TypeScript/JavaScript companion to textprompts for loading and formatting prompt files.
Are you tired of vendors trying to sell you fancy UIs for prompt management that just make your system more confusing and harder to debug? Isn't it nice to just have your prompts next to your code?
But then you worry: Did my formatter change my prompt? Are those spaces at the beginning actually part of the prompt or just indentation?
textprompts solves this elegantly: treat your prompts as text files and keep your linters and formatters away from them. And you get prompt metadata headers for free!
textprompts/core entry point with zero node: imports for Cloudflare Workers, Deno Deploy, Vercel Edge# With npm
npm install textprompts
# With Bun
bun add textprompts
# With pnpm
pnpm add textprompts
Super simple by default - TextPrompts just loads text files with optional metadata:
greeting.txt):---
title = "Customer Greeting"
version = "1.0.0"
description = "Friendly greeting for customer support"
---
Hello {customer_name}!
Welcome to {company_name}. We're here to help you with {issue_type}.
Best regards,
{agent_name}
import { loadPrompt } from "textprompts";
// Just load it - works with or without metadata
const prompt = await loadPrompt("greeting.txt");
// Or use the static method
const alt = await Prompt.fromPath("greeting.txt");
// Use it safely - all placeholders must be provided
const message = prompt.prompt.format({
customer_name: "Alice",
company_name: "ACME Corp",
issue_type: "billing question",
agent_name: "Sarah"
});
console.log(message);
// Or use partial formatting when needed
const partial = prompt.prompt.format(
{ customer_name: "Alice", company_name: "ACME Corp" },
{ skipValidation: true }
);
// Result: "Hello Alice!\n\nWelcome to ACME Corp. We're here to help you with {issue_type}.\n\nBest regards,\n{agent_name}"
// Prompt objects expose `.meta` and `.prompt`.
// Use `prompt.prompt.format()` for safe formatting or `String(prompt)` for raw text.
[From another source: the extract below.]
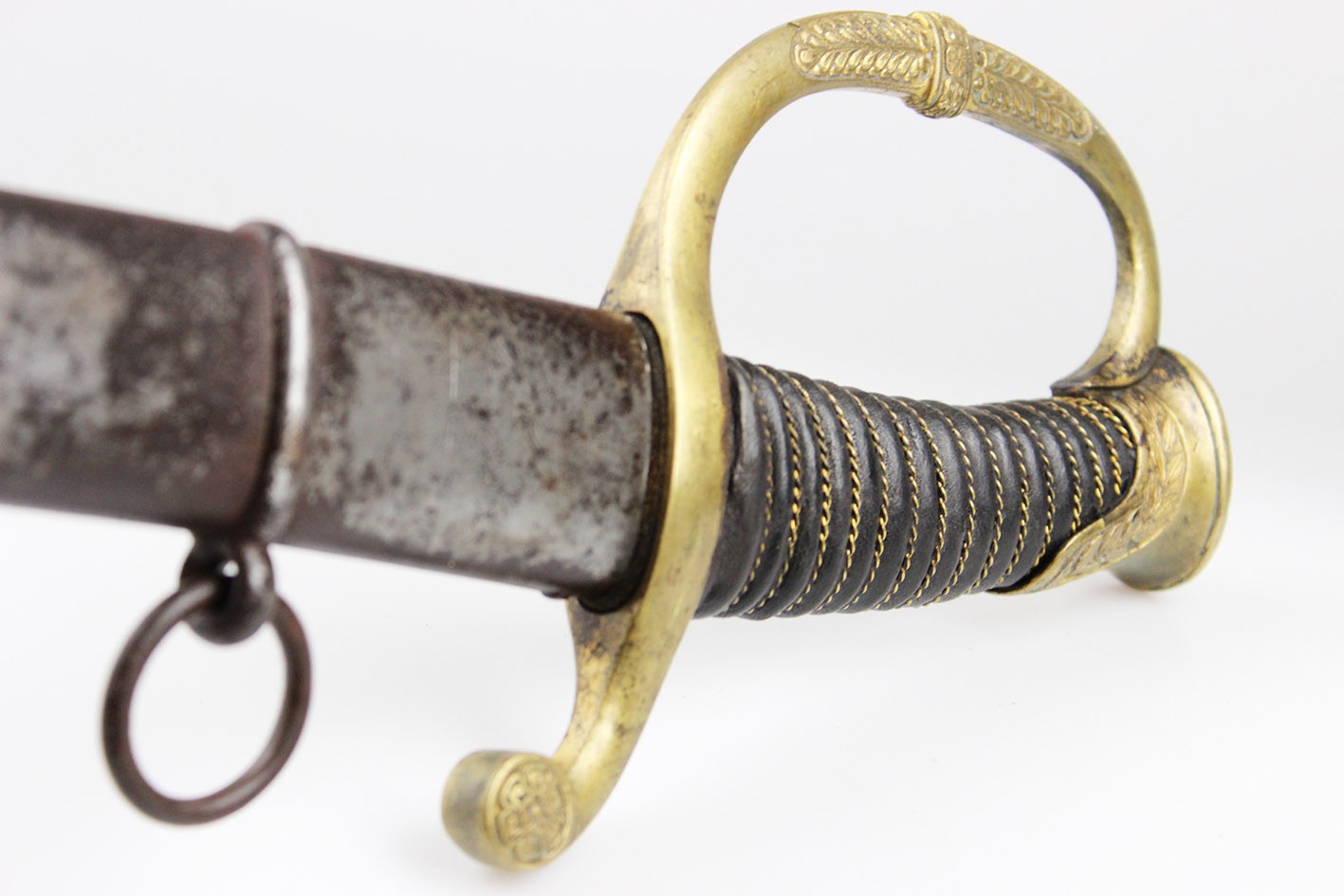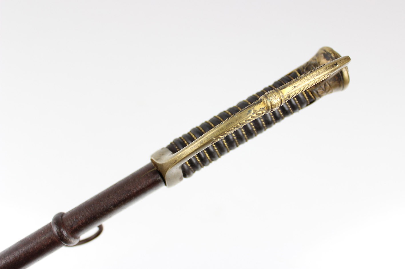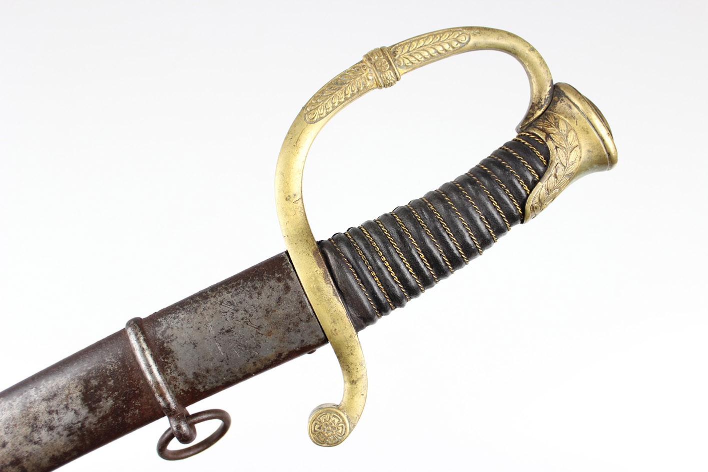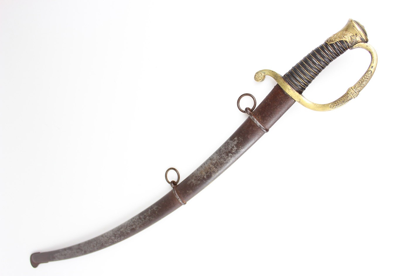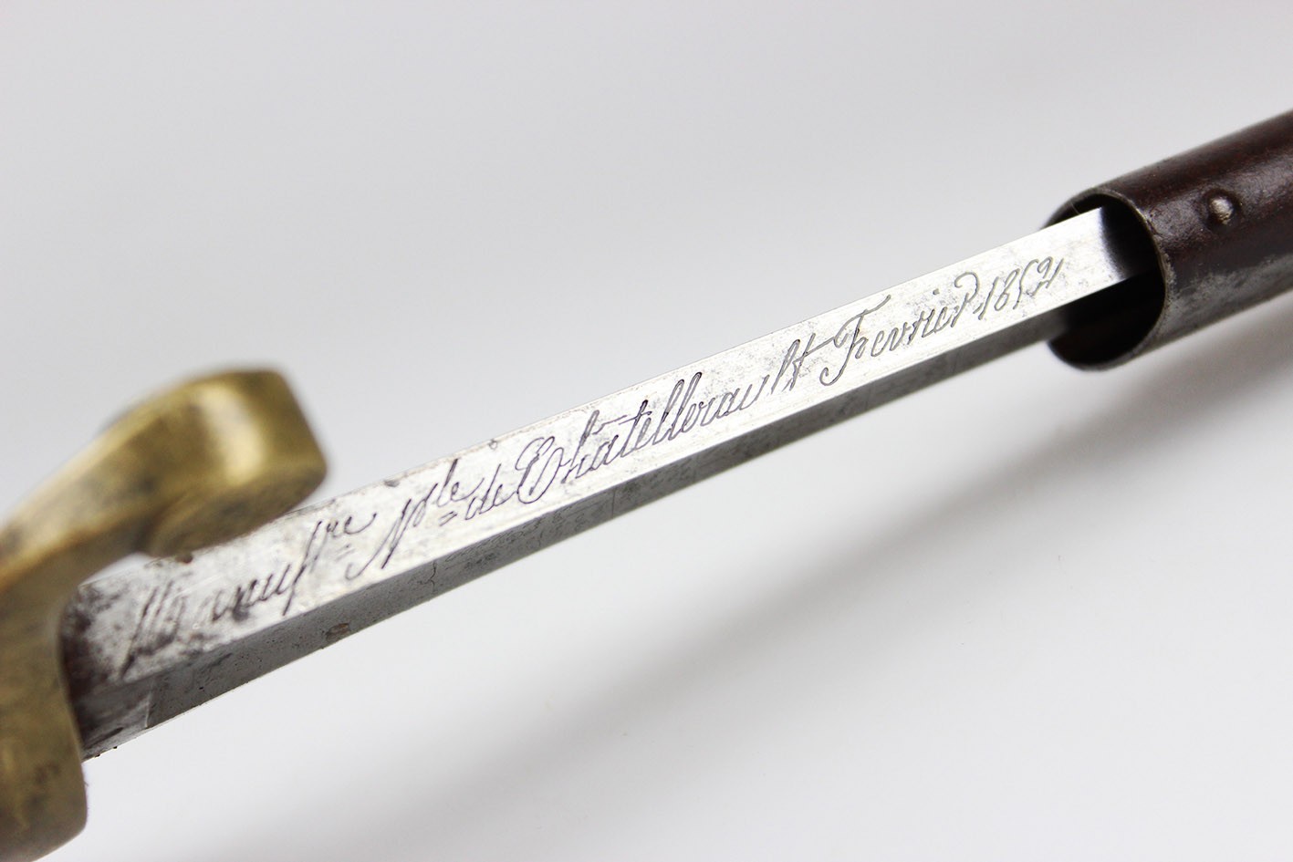 Bojowa francuska szabla oficera artylerii konnej wz. 1829, tzw "taborowa". Głownia obustronnie wklęsło szlifowana z płaskim grzbietem i obosiecznym piórem o sztychu przygrzbietowym. Na głowni widoczne wygrawerowane tabele artyleryjskie do ostrzałów armatami 12 funtowymi, 8 funtowymi oraz mniejszymi, Rękojeść zamknięta z jelcem mosiężnym, jednokabłąkowym. Kabłąk jelca tworzy regularny łuk, u góry połączony zamkiem z głowicą. Całość bogato zdobiona. Tylne ramię jelca odgięte ku dołowi i zakończone zdobioną łezką. Głowica owalna, lekko pochylona ku przodowi. Uchwyt drewniany, nacinany w drobne karby, obciągnięty czarną skórą i owinięty plecionym mosiężnym drutem. Na głowni widnieją cechy odbioru technicznego. Na grzbiecie widoczna sygnatura wytwórni oraz rok: Chatellerault 1852. Głownia w bardzo dobrym stanie zachowania. Pochwa z blachy stalowej w przekroju lekko owalna uzbrojona w dwie ryfki z nałożonych półokrągłych pierścieni, w których umieszczone są ruchome kółka nośne. Ostroga z przednim ramieniem dłuższym, zakończonym wydatnym wybrzuszeniem. Całość nie rozbierana, w oryginalnym stanie zachowania.

Even simpler - no metadata required:
// simple_prompt.txt contains just: "Analyze this data: {data}"
const prompt = await loadPrompt("simple_prompt.txt"); // Just works!
const result = prompt.prompt.format({ data: "sales figures" });
Problem: Modern bundlers (Vite, Webpack, Rollup) often don't include .txt files in your bundle by default.
Solution: Load prompts directly from strings using Prompt.fromString():
import { Prompt } from "textprompts";
// Vite: Use ?raw suffix to import as string
import greetingContent from "./greeting.txt?raw";
// Or with Webpack using raw-loader
// import greetingContent from "raw-loader!./greeting.txt";
// Load from the string content
const prompt = Prompt.fromString(greetingContent);
// Works identically to file-based loading
const message = prompt.format({
customer_name: "Alice",
company_name: "ACME Corp",
issue_type: "billing question",
agent_name: "Sarah"
});
With metadata support:
import promptContent from "./system-prompt.txt?raw";
// The ?raw import includes TOML front-matter if present
const prompt = Prompt.fromString(promptContent, {
meta: "allow", // or MetadataMode.ALLOW
path: "system-prompt.txt" // Optional: for better error messages
});
console.log(prompt.meta?.title); // Access metadata
console.log(prompt.meta?.version); // Works like fromPath
When to use fromString vs fromPath:
fromPath() for Node.js/Bun server-side codefromString() for bundled frontend code (Vite, Webpack, etc.)fromString() when loading prompts from APIs or databases// Edge runtimes (Cloudflare Workers, Deno Deploy, Vercel Edge, browsers)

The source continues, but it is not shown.